## Exercise directions:
Every entry in the data that follows should come back exactly, pictures aside.

Items listed in a dataset
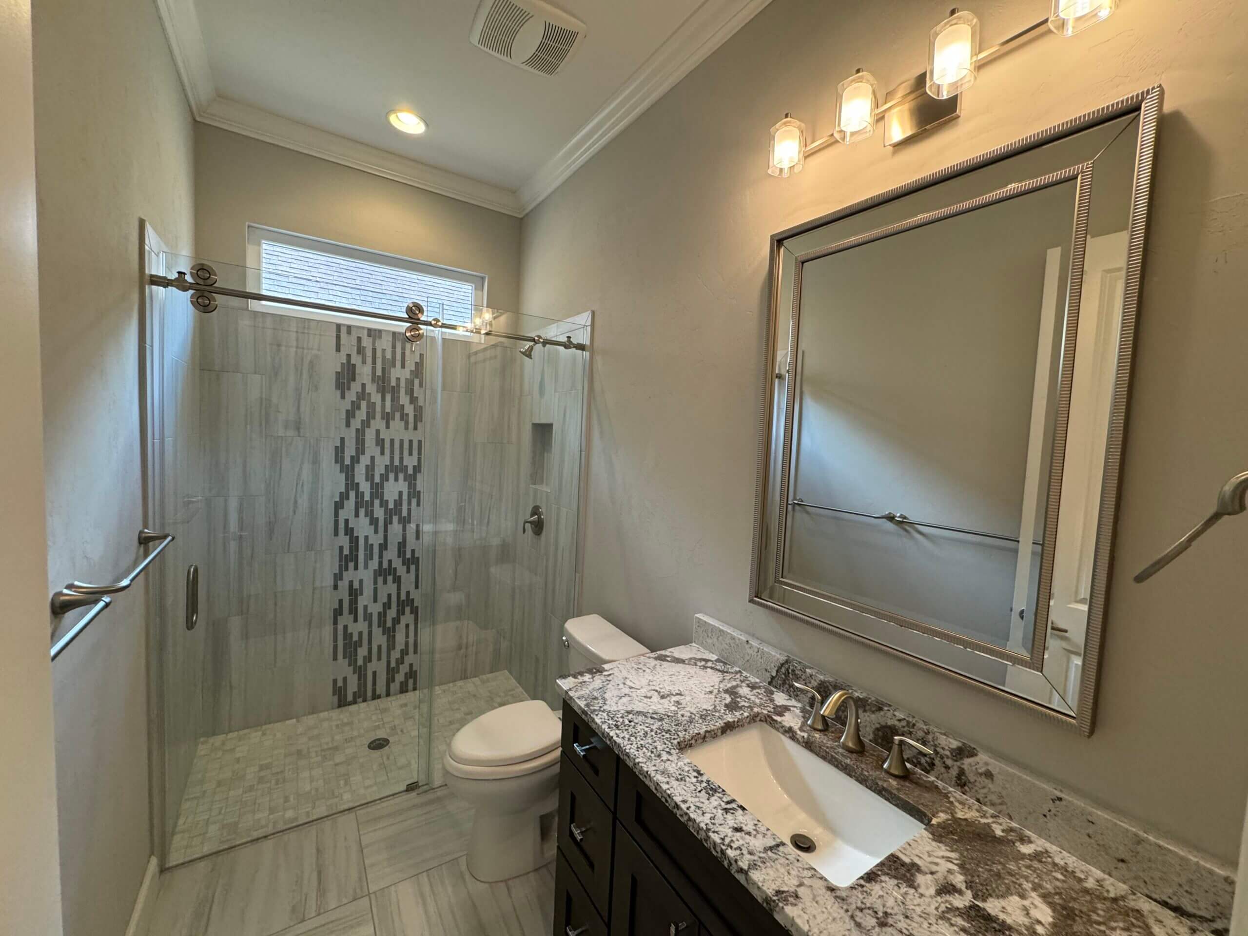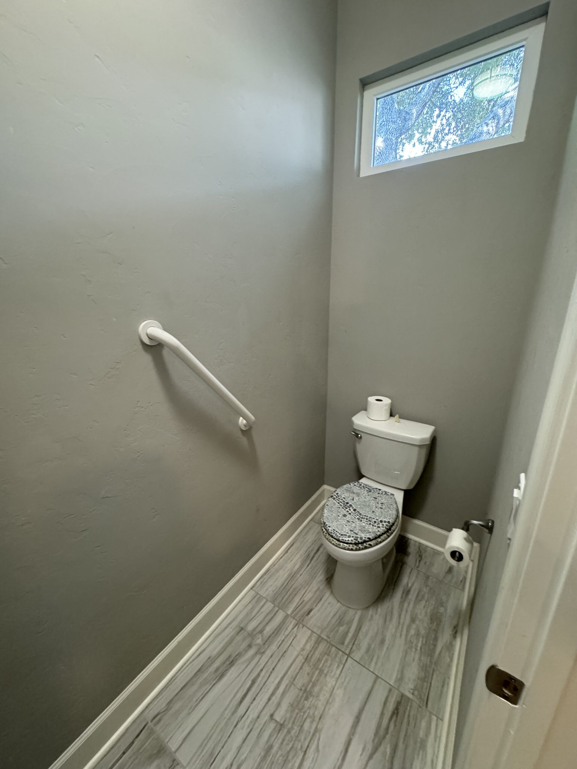 The detached guesthouse offers a spacious bedroom and full bath.
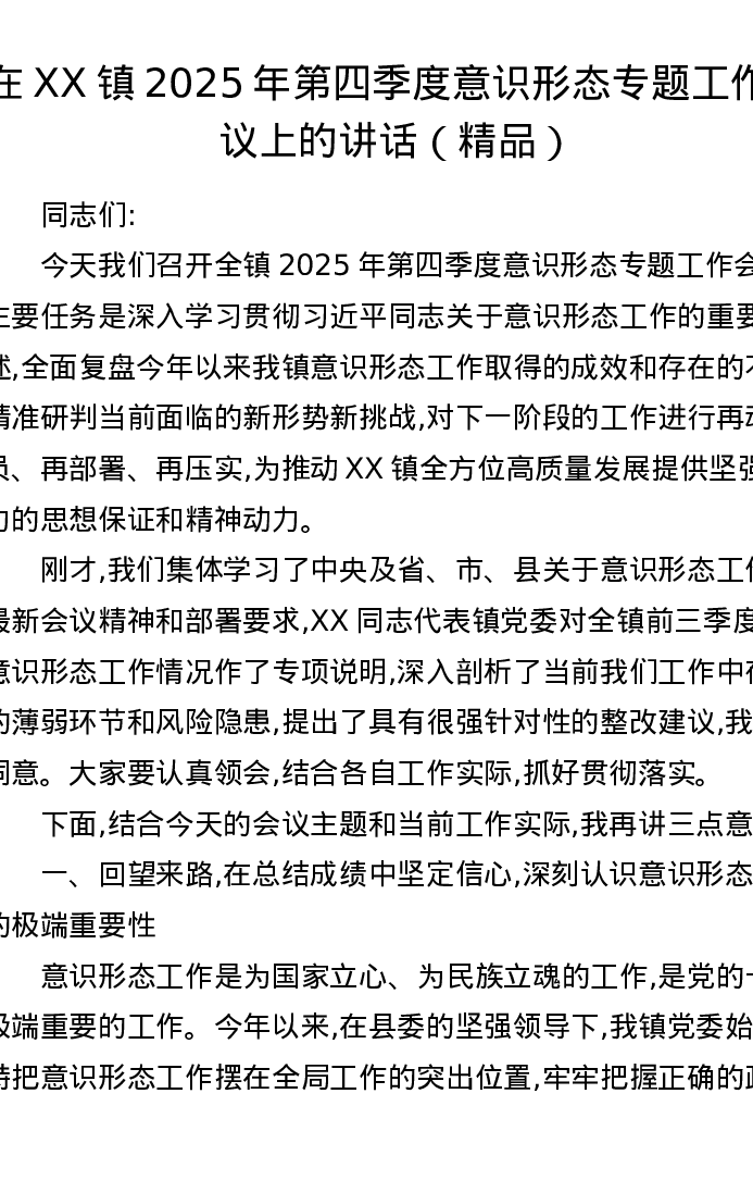 在XX镇2025年第四季度意识形态专题工作会议上的讲话
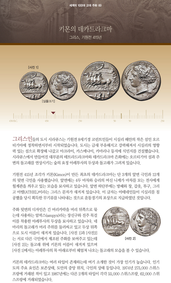 | 세계의 100대 고대 주화 (6) 키몬의 데카드라크마 | |||||
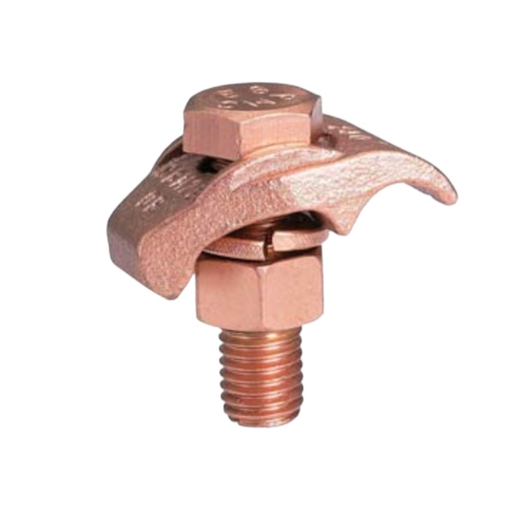 Características: Conector a tierra de aleación de cobre alto para unir una amplia gama de dos cables paralelos a una barra de . de espesor, el tipo GC separa el cable de la barra, GCM sujeta el cable a la superficie de la barra, instalación con una llave, listado UL467, el cuerpo fundido de aleación de cobre alto y los pernos, tuercas y arandelas de seguridad DURIUM hacen que el GC y el GCM sean aptos para entierro directo en concreto o suelo. a
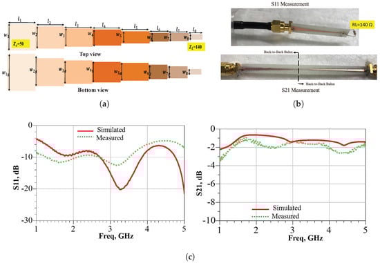 Fabricated balun layout and the measurement set-up for the performance characterization. (a) Photograph of the top and bottom view of the Balun layout; (b) Measurement set-up for and ; (c) Comparison between the measured and simulated data.
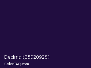 Decimal 35020928 Color is a very dark violet color and the nearest color is Violet #240a40. Hex code #210d40 and RGB value is rgb(33,13,64). In RGB color space, this color is composed of 13% red, 5% green, 25% blue, In CMYK color space, this color is composed of 48% cyan, 80% magenta, 0% yellow , 75% black , In HSL color space, this color has a hue angle of 264° , 66% saturation and 15% lightness.
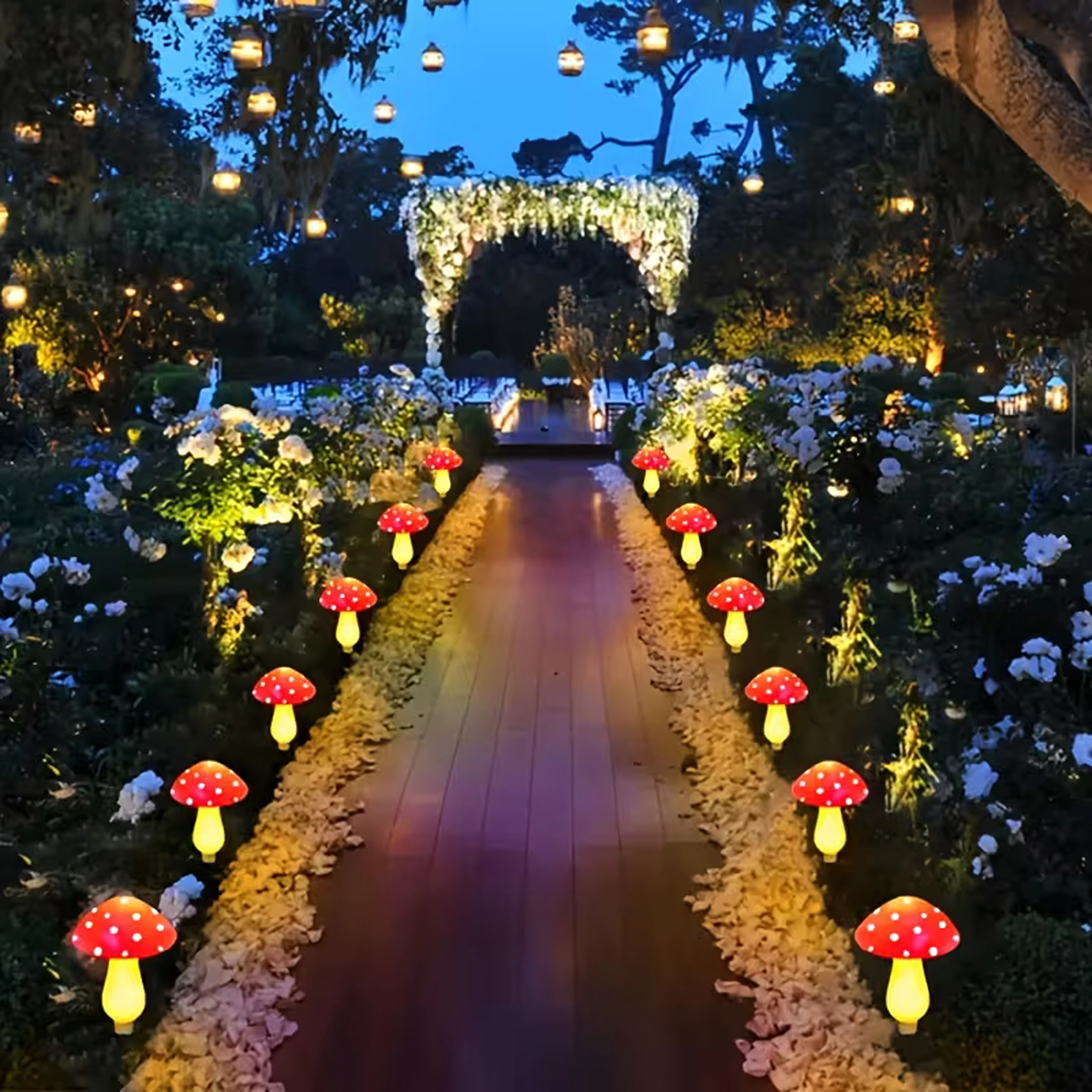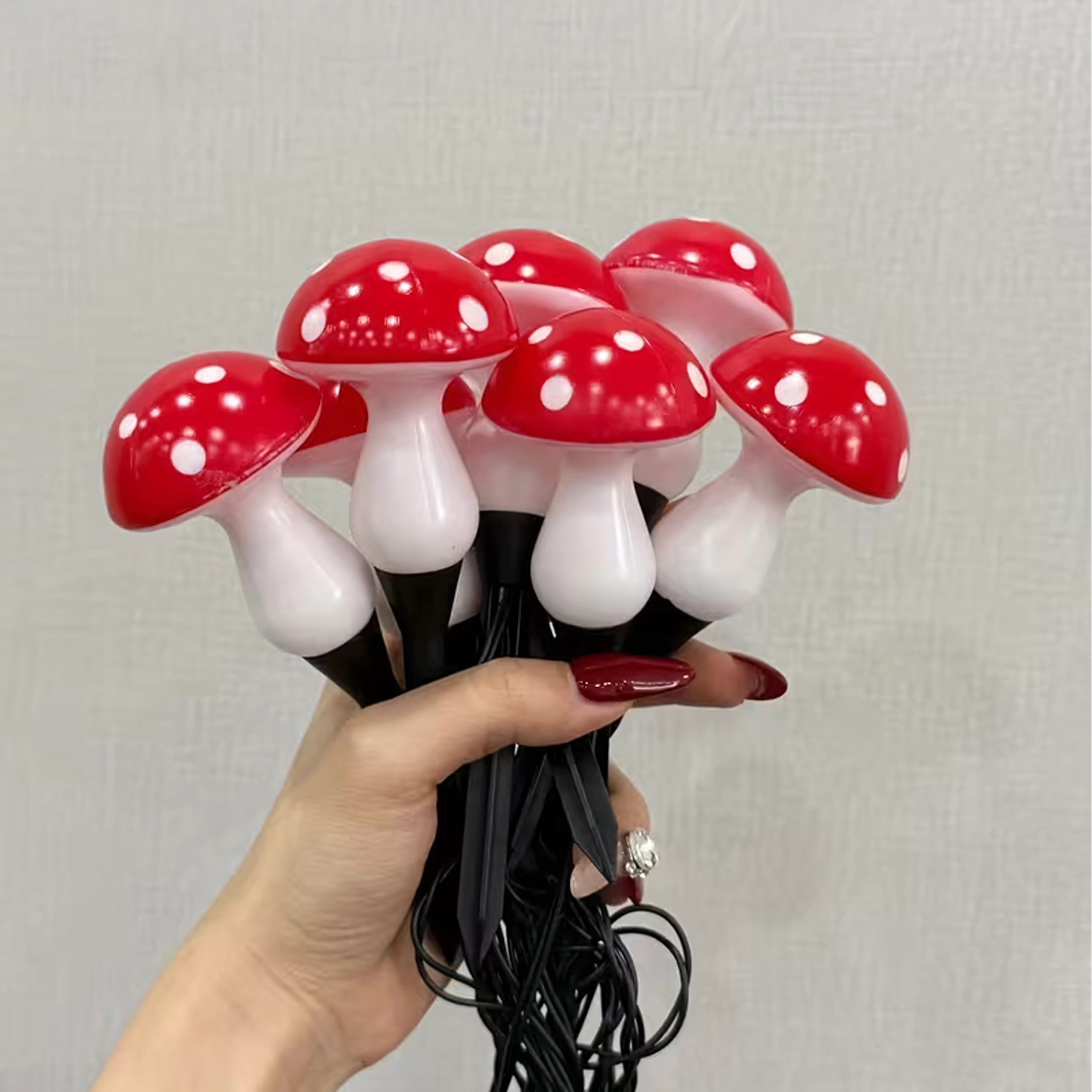 - Design enchanteur : chapeaux rouges à pois blancs et lueur jaune chaleureuse

## Output of the exercise:
 The detached guesthouse offers a spacious bedroom and full bath.
 在XX镇2025年第四季度意识形态专题工作会议上的讲话
 | 세계의 100대 고대 주화 (6) 키몬의 데카드라크마 | |||||
 Características: Conector a tierra de aleación de cobre alto para unir una amplia gama de dos cables paralelos a una barra de . de espesor, el tipo GC separa el cable de la barra, GCM sujeta el cable a la superficie de la barra, instalación con una llave, listado UL467, el cuerpo fundido de aleación de cobre alto y los pernos, tuercas y arandelas de seguridad DURIUM hacen que el GC y el GCM sean aptos para entierro directo en concreto o suelo. a
 Fabricated balun layout and the measurement set-up for the performance characterization. (a) Photograph of the top and bottom view of the Balun layout; (b) Measurement set-up for and ; (c) Comparison between the measured and simulated data.
 Decimal 35020928 Color is a very dark violet color and the nearest color is Violet #240a40. Hex code #210d40 and RGB value is rgb(33,13,64). In RGB color space, this color is composed of 13% red, 5% green, 25% blue, In CMYK color space, this color is composed of 48% cyan, 80% magenta, 0% yellow , 75% black , In HSL color space, this color has a hue angle of 264° , 66% saturation and 15% lightness.
 - Design enchanteur : chapeaux rouges à pois blancs et lueur jaune chaleureuse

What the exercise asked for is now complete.